Putting ${\displaystyle b=a}$ in the above formula yields:

${\displaystyle \cos (2a)}$	${\displaystyle =\cos (a+a)}$
	${\displaystyle =\cos (a)\cos (a)-\sin (a)\sin (a)}$
	${\displaystyle ={\cos }^2(a)-{\sin }^2(a)}$

So:

${\displaystyle \cos (2a)={\cos }^2(a)-{\sin }^2(a)}$

Compare this with the "Pythagorean Theorem" expressed in terms of sine and cosine. Notice the double angle formula above has a minus not a plus, otherwise it would be saying ${\displaystyle \cos (2a)=1}$ , which would mean cos was 1 for all values of t, which we know is not true.

The formula

${\displaystyle \cos (2a)={\cos }^2(a)-{\sin }^2(a)}$

isn't yet quite where we want it. We want to get rid of the sine term and express it all in terms of cosine. To do that we use the disguised "Pythagorean Theorem".

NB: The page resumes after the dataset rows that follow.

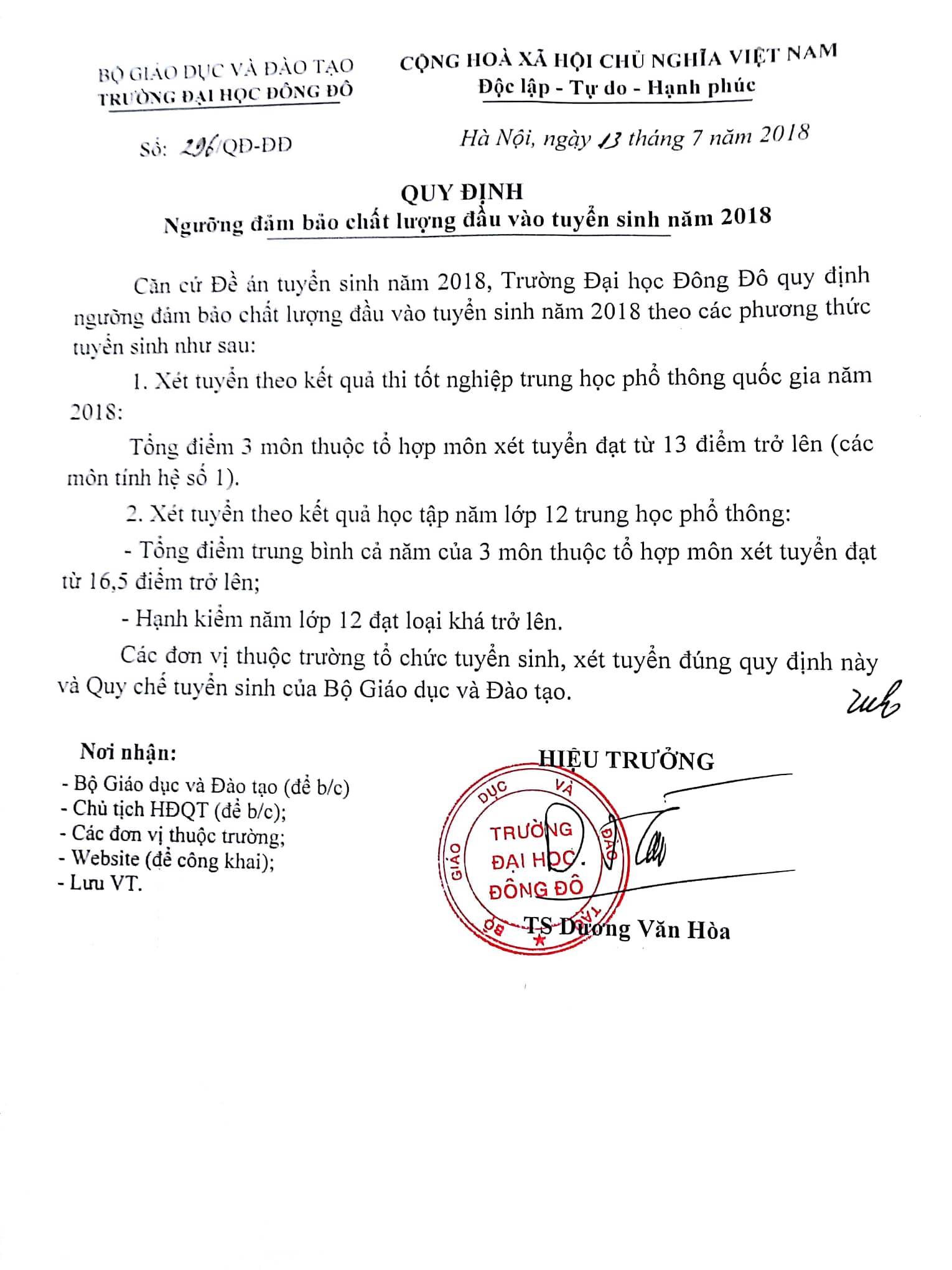 Căn cứ Đề án tuyển sinh năm 2018, Trường Đại học Đông Đô quy định ngưỡng đảm bảo chất lượng đầu vào tuyển sinh năm 2018 theo các phương thức tuyển sinh như sau: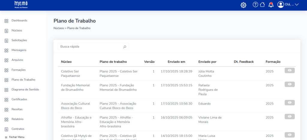A funcionalidade de Plano de Trabalho possibilita ao usuário administrador acessar de forma centralizada todos os planos enviados pelos Núcleos, independente de qual formação ele participou. Eles também podem ser acessados no próprio cadastro do Núcleo, na aba de Plano de Trabalho.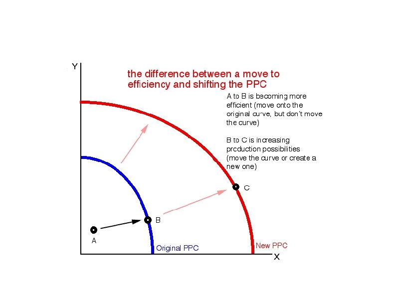 Shape of PPC/PPF cars shirts computers linear – constant oppty costs; goods that use similar inputs curved – increasing oppty costs; goods that require specialized inputs – some resources better suited to making 1 good vs. another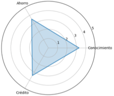 En la dimensión conocimiento financiero, los estudiantes obtuvieron una media de M = 3.28 (DE = 0.64); se observó que los ítems relacionados con comprensión de tasas de interés e inflación presentaron mayores dificultades, especialmente en la interpretación de escenarios de endeudamiento a mediano plazo.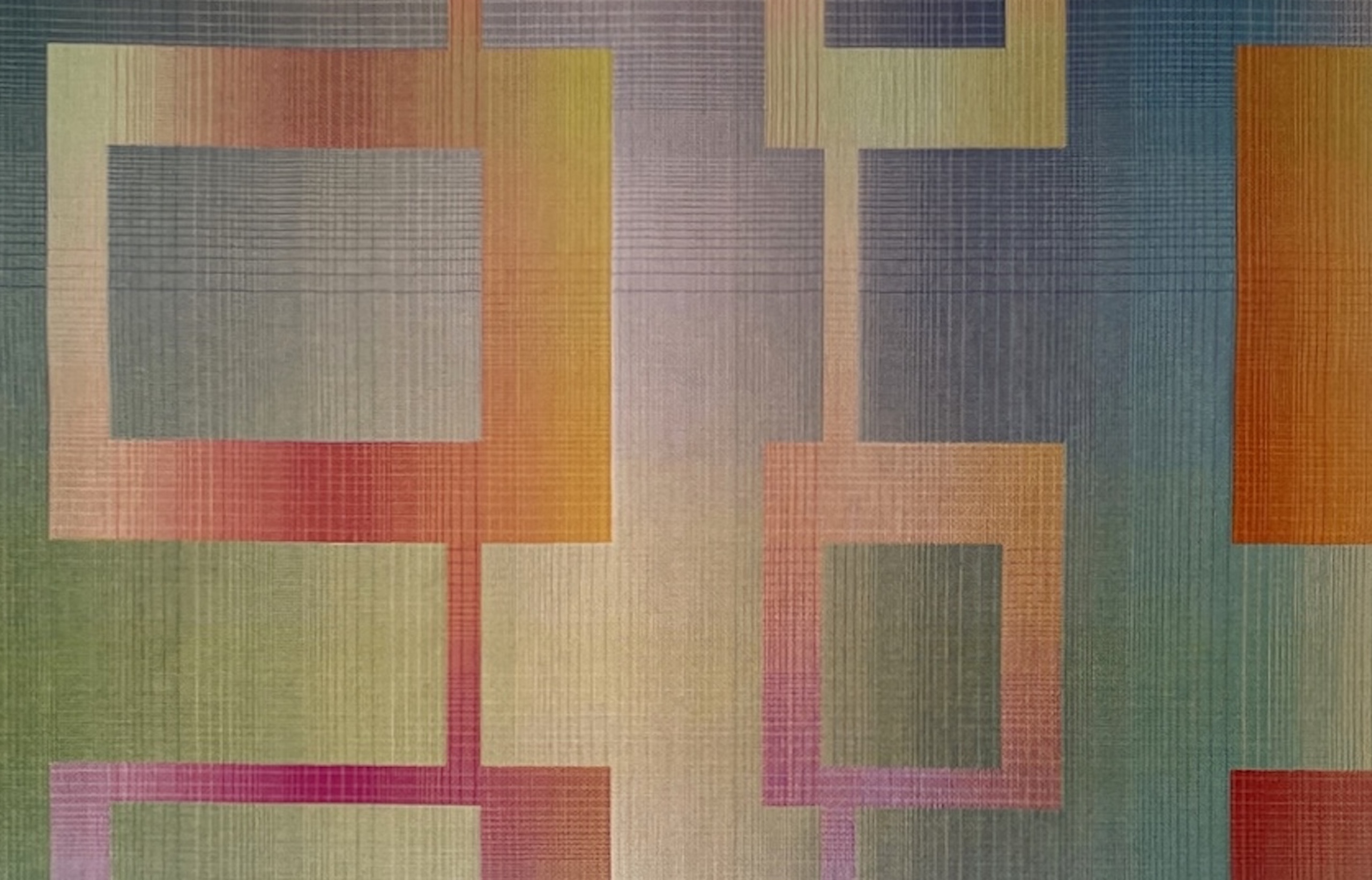 Christiane Maurer’s works, hand-woven on a loom, explore interactions, transitions and combinations of colours. The language chosen is that of abstraction: simple geometric patterns are used to create intersecting lines of different colours. Each of the artist’s series explores a different combination of colours and motifs in a constantly evolving quest. Her works, which range from very vivid to more delicate chromatic tones, reveal shifting nuances and subtle iridescence influenced by the light in their environment and the movement of the viewer.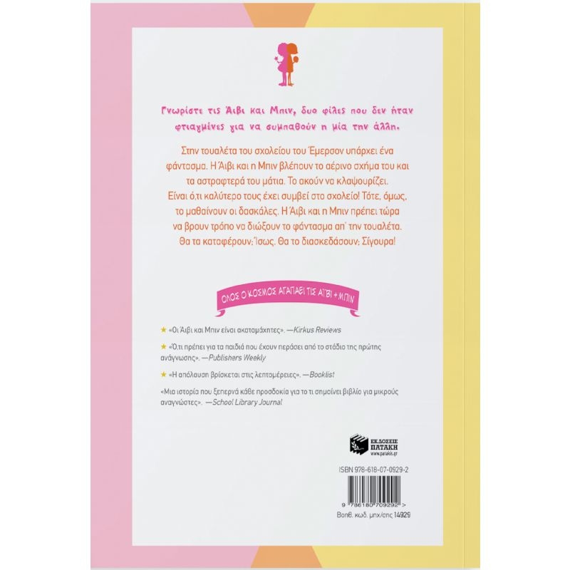 Γνωρίστε τις Άιβι και Μπιν, δυο φίλες που δεν ήταν φτιαγμένες για να συμπαθούν η μία την άλλη. Στην τουαλέτα του σχολείου του Έμερσον υπάρχει ένα φάντασμα. Η Άιβι και η Μπιν βλέπουν το αέρινο σχήμα του και τα αστραφτερά του μάτια. Το ακούν να κλαψουρίζει. Είναι ό,τι καλύτερο τους έχει συμβεί στο σχολείο! Τότε όμως, το μαθαίνουν οι δασκάλες. Η Άιβι και η Μπιν πρέπει τώρα να βρουν τρόπο να διώξουν το φάντασμα απ’ την τουαλέτα. Θα τα καταφέρουν; Ίσως. Θα το διασκεδάσουν; Σίγουρα!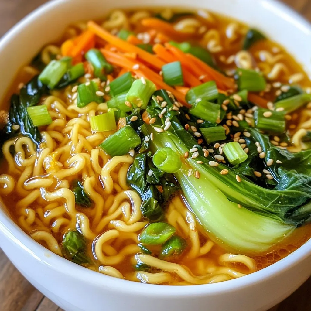 - 200g fresh ramen noodles Using fresh ramen noodles makes a big difference. They cook quickly and taste great. Look for them in the refrigerated section of your grocery store. If you can't find fresh ones, dry noodles work too, but adjust the cooking time. - 1 cup bok choy, chopped - 1 carrot, julienned - 4 cloves garlic, minced - 1 teaspoon ginger, grated - 1 red chili pepper, finely sliced (adjust to taste) Bok choy adds crunch and nutrition. Carrots bring sweetness and color. Garlic and ginger give a strong base flavor. The red chili pepper adds the spice. You can adjust the amount based on your heat preference. - 2 tablespoons vegetable oil - 2 cups vegetable broth - 2 tablespoons soy sauce - 1 tablespoon miso paste - 1 teaspoon sesame oil - 2 green onions, sliced (for garnish) - 1 tablespoon sesame seeds (for garnish) Vegetable oil helps sauté the garlic. The broth adds depth to your dish. Soy sauce and miso paste boost the umami taste, while sesame oil gives a nutty hint. Green onions and sesame seeds make perfect garnishes. They add flavor and look nice in the bowl. {{ingredient_image_1}} To start, boil a pot of water. Once it bubbles, add 200g of fresh ramen noodles. Cook them for 3-4 minutes. After cooking, drain the noodles and set them aside. This step gives you the perfect base for your dish. In a large saucepan, heat 2 tablespoons of vegetable oil over medium heat. Then, add 4 cloves of minced garlic, 1 teaspoon of grated ginger, and 1 finely sliced red chili pepper. Sauté these for about 2 minutes. You want the garlic to turn golden and fragrant. This forms the heart of your flavor. Next, pour in 2 cups of vegetable broth. Add 2 tablespoons of soy sauce and 1 tablespoon of miso paste. Stir well to mix everything together. Bring this mixture to a light boil. This broth is what makes your ramen rich and tasty. Now it’s time for the veggies! Toss in 1 cup of chopped bok choy and 1 julienned carrot. Let them cook for 3-4 minutes. You want them tender but still bright. They add color and crunch to your ramen. Lower the heat and gently add the cooked ramen noodles to the broth. Drizzle in 1 teaspoon of sesame oil. Stir carefully to coat the noodles in the spicy broth. Serve the ramen in deep bowls, garnished with sliced green onions and a sprinkle of sesame seeds. This makes the dish look and taste amazing! Start with good broth. Use vegetable broth for a rich base. Heat it gently with soy sauce and miso paste. This mix adds depth and umami. For more flavor, let the broth simmer longer. This brings out all the tastes. You can add a splash of sesame oil for extra aroma. It makes the broth shine. Want it spicier? Add more red chili pepper. You can use fresh slices or chili flakes. If you prefer less heat, use fewer chili slices. Removing seeds from the chili also helps. Another tip is to add a dash of sugar. It balances the heat and gives a nice flavor twist. Serving is key to a great meal. Use deep bowls to show off your ramen. Make sure to layer the colorful vegetables on top. This makes it look appealing. A sprinkle of green onions adds a fresh touch. Finish with sesame seeds for crunch. A drizzle of sesame oil on top enhances the aroma. Enjoy your beautiful bowl! Pro Tips Adjust Spice Level: Feel free to modify the amount of red chili pepper based on your heat preference. Start with less and add more if desired! Fresh Ingredients: Using fresh garlic and ginger will greatly enhance the flavor of your broth. Avoid powdered versions for the best results. Vegetable Variations: You can substitute bok choy and carrots with other vegetables like bell peppers or snap peas for a different flavor profile. Make it a Meal: Add protein such as tofu, chicken, or shrimp to make this dish more filling and nutritious. {{image_2}} You can easily boost your spicy garlic ramen with protein. Chicken, shrimp, or tofu work well. For chicken, use cooked, shredded pieces. For shrimp, add them when the broth is hot. Tofu adds a nice texture. Just cube it and sauté it with garlic. Each choice gives a different flavor and texture. Feel free to change the veggies in your ramen. Instead of bok choy, try spinach or kale. Both are tasty and cook quickly. You can also add mushrooms for an earthy touch. Bell peppers or snap peas add sweetness and crunch. Mix and match based on your taste or what you have. To make this dish vegan, skip the miso paste. Use a vegan broth and soy sauce. For gluten-free ramen, look for rice noodles or gluten-free pasta. These options keep the dish light and tasty. Always check labels to ensure your ingredients fit your needs. To keep your spicy garlic ramen fresh, let it cool first. Transfer it to an airtight container. You can store it in the fridge for 3 to 4 days. If you want to keep it longer, consider freezing it. When you're ready to eat, you can reheat the ramen on the stove. Pour the ramen and broth into a pot. Heat it over medium heat until it's hot. Stir occasionally to make sure it warms evenly. You can also use a microwave. Place the ramen in a microwave-safe bowl. Heat it in short bursts, stirring in between, until hot. If you want to freeze your ramen, separate the noodles and broth. The broth freezes well, but the noodles can get mushy. Store the broth in a freezer-safe container for up to 3 months. For noodles, you can freeze them for about a month. When you're ready to eat, thaw the broth overnight in the fridge. Reheat it, then add freshly cooked noodles for the best taste! It takes about 20 minutes to make spicy garlic ramen noodles. You spend 10 minutes prepping and 10 minutes cooking. The fresh ramen noodles cook fast, usually in 3-4 minutes. You can enjoy a delicious meal in no time. Yes, you can use instant ramen noodles. They work well if you are short on time. Just cook them according to the package instructions. Instant noodles will absorb flavors from the broth, making them tasty. You can use tahini or soy sauce as a substitute for miso paste. Tahini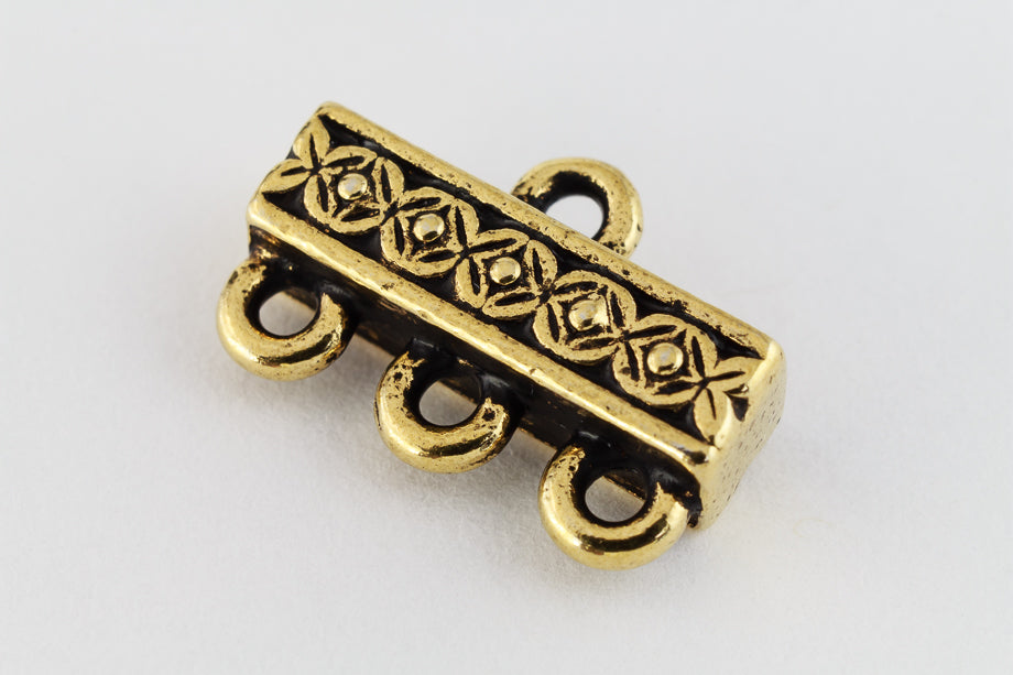 15.1mm x 10mm antique gold end bar with Art Deco style rose pattern.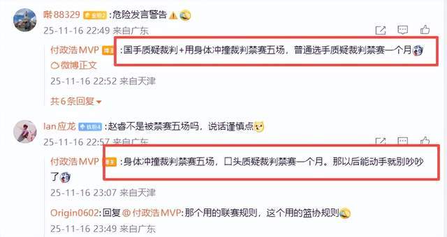 既然事情出了,那就只能面对了。不过,对于篮协开出这样的罚单,外界颇有微词,尤其是著名记者付政浩老师,公开表达了对这一处罚结果的不认可,觉得篮协处罚太重了。他在与球迷互动时,就明确表示:“国手质疑裁判+用身体冲撞裁判禁赛五场,普通选手质疑裁判禁赛一个月”。

${\displaystyle {\cos }^2(a)+{\sin }^2(a)=1}$

which is the same as:

${\displaystyle -{\sin }^2(a)={\cos }^2(a)-1}$

so

${\displaystyle \cos (2a)={\cos }^2(a)-{\sin }^2(a)={\cos }^2(a)+{\cos }^2(a)-1=2{\cos }^2(a)-1}$

so

${\displaystyle \cos (2a)=2{\cos }^2(a)-1}$

which is what we wanted.

We could, if we had preferred, have used the disguised Pythagorean theorem to replace the ${\displaystyle {\cos }^2(a)}$ in terms of ${\displaystyle {\sin }^2(a)}$

Template:ExerciseRobox Do that now, in other words express:

${\displaystyle \cos (2a)}$

in terms of ${\displaystyle \sin (a)}$

• Check your answer, particularly to make sure that you have all the minus signs right.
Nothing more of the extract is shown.